Protect yourself from mechanic's
liens if your contractor fails to
pay subcontractors or suppliers.
All Kate and Peter wanted to do was
remodel their ancient kitchen and
build on a family room. They saved
and borrowed, got their permits, and
hired a contractor. The construction
was over after just five dusty
months, but the legal headaches were
just beginning.
It turned out that the contractor
hadn't paid the lumberyard thousands
of dollars for the lumber, doors,
and windows used in the new family
room. The lumberyard recorded a lien
on Kate and Peter's house and
threatened to file a lawsuit to
force the sale of the house. Kate
and Peter had already paid the
contractor and had no money left
over to pay again.
Suddenly they were faced with the
possibility of losing the house
they'd worked so hard to improve.
Kate and Peter were blindsided by
what's known as a mechanic’s lien. A
mechanic’s lien has nothing to do
with mechanics in the usual sense.
It's a legal claim against property
being improved, and it can be filed
by anyone who provides materials or
does work on the project and doesn't
get paid. The property itself
becomes responsible for the debt,
and the people who are owed money
can force its sale at auction if
something isn't worked out.
The Rationale of Mechanic's Liens
Most homeowners, like Kate and
Peter, are shocked when they find
out that they might still end up
owing laborers, carpenters,
electricians, materials suppliers,
or equipment lessors, even if they
pay the contractor in full. But
that's the law. The whole point of
the mechanic’s lien procedure is to
make the improved property the
ultimate guarantor of payment for
all contributors to the project.

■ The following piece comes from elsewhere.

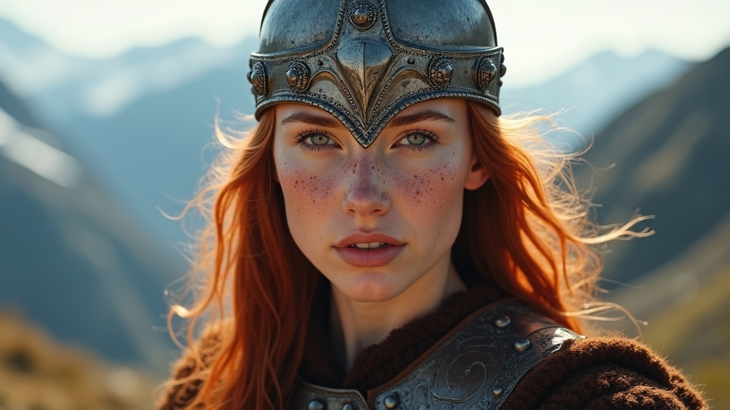Portrait of a young woman embodying the spirit of a Viking, her fiery red hair cascading in loose waves and freckles adorning her sun-kissed skin. Her eyes, meticulously detailed, gaze with determination. She is clad in intricate Viking armor, every piece telling a story of battles fought. Atop her head rests a finely crafted Viking helmet, gleaming under the bright sunlight. The scene captures her against a backdrop of majestic mountains, their peaks kissed by the sun. The composition is cinematic and realistic, with lighting that adds an epic, dramatic flair. Every detail, from the glint of metal to the play of light and shadow on her face, is rendered with extraordinary precision, creating an intensely compelling portrait.

It
dramatically turns the economic
tables by shifting the burden of
proof on the question of payment
from workers and suppliers to the
property owners themselves.
Basically, state law is more
concerned about those who provide
labor or materials to an improvement
project without getting paid than it
is about the possibility of the
owner having to pay twice for the
same work. After all, the owner can
turn around and sue the contractor
(or subcontractor or supplier) to
recover the funds. But that's
another story.
How They Work
Here, generally, is how mechanic’s
liens work. First, a contributor (a
supplier or subcontractor) who does
not contract directly with the
homeowner must provide the homeowner
with fair notice that describes the
goods or services that are being
contributed. The notice must
typically be delivered within 20-30
days of when the goods and services
were first contributed.
A 20-Day Notice Is Not a Lien
You'll probably receive notices from
suppliers and subcontractors that
contract with the general contractor
to work on your house. This notice
is not a lien; it is an
informational notice that's useful
to you because it gives you contact
information for subcontractors and
suppliers so you can check in with
them at the end of the construction
process to make sure they've been
paid.
If the contributor isn't paid after
work is begun or the materials are
supplied, then the contributor files
a document called a "claim of
mechanic’s lien" at the county
recorder's office for the county
where the real estate is located.
The contributor then has a period of
time -- typically between 60 days
and six months -- in which he or she
can either work out the payment
problem or file an action against
the owner to enforce the lien, which
may ultimately lead to the property
being sold at auction. If the
enforcement action isn't filed by
the statutory deadline, the lien
becomes invalid.
Home Improvement: How to Avoid
Paying Twice
As it turns out, mechanic’s lien
enforcement lawsuits are seldom
filed within the mandatory period,
which should mean that the lien has
no further effect. Even so, an old
lien on a property can negatively
impact the owner’s ability to sell
the property because many title
insurance companies will refuse to
clear title when the property is
sold unless the lien is
affirmatively removed, either by a
release from the lien claimant or by
court order. Fortunately, in most
states, getting a court order is
simple and straightforward when it
is clear that the mechanic’s lien
claimant blew the enforcement action
filing deadline.
Heading Off Problems
There are some steps that an owner
can take -- both before and during
an improvement project -- to protect
against this type of horror show.
The main idea is to make sure that
everyone is paid. One approach is to
not rely on the general contractor
to pay off the subcontractors and
materials suppliers. Instead, the
owner can write a number of checks,
each check being jointly made out to
the general contractor and to a
particular subcontractor or to a
subcontractor and a materials
provider. The idea here is that the
check may be cashed only if the
ultimate beneficiary endorses it,
which will help assure payment and
eliminate the risk of a mechanic’s
lien. This is a common procedure,
especially near or at the very end
of a project. In California, see A
Homeowner's Guide to Preventing
Mechanic's Liens at
www.cslb.ca.gov/services/guides.asp.
One should consult with a qualified
real estate professional prior to
implementing real estate strategies.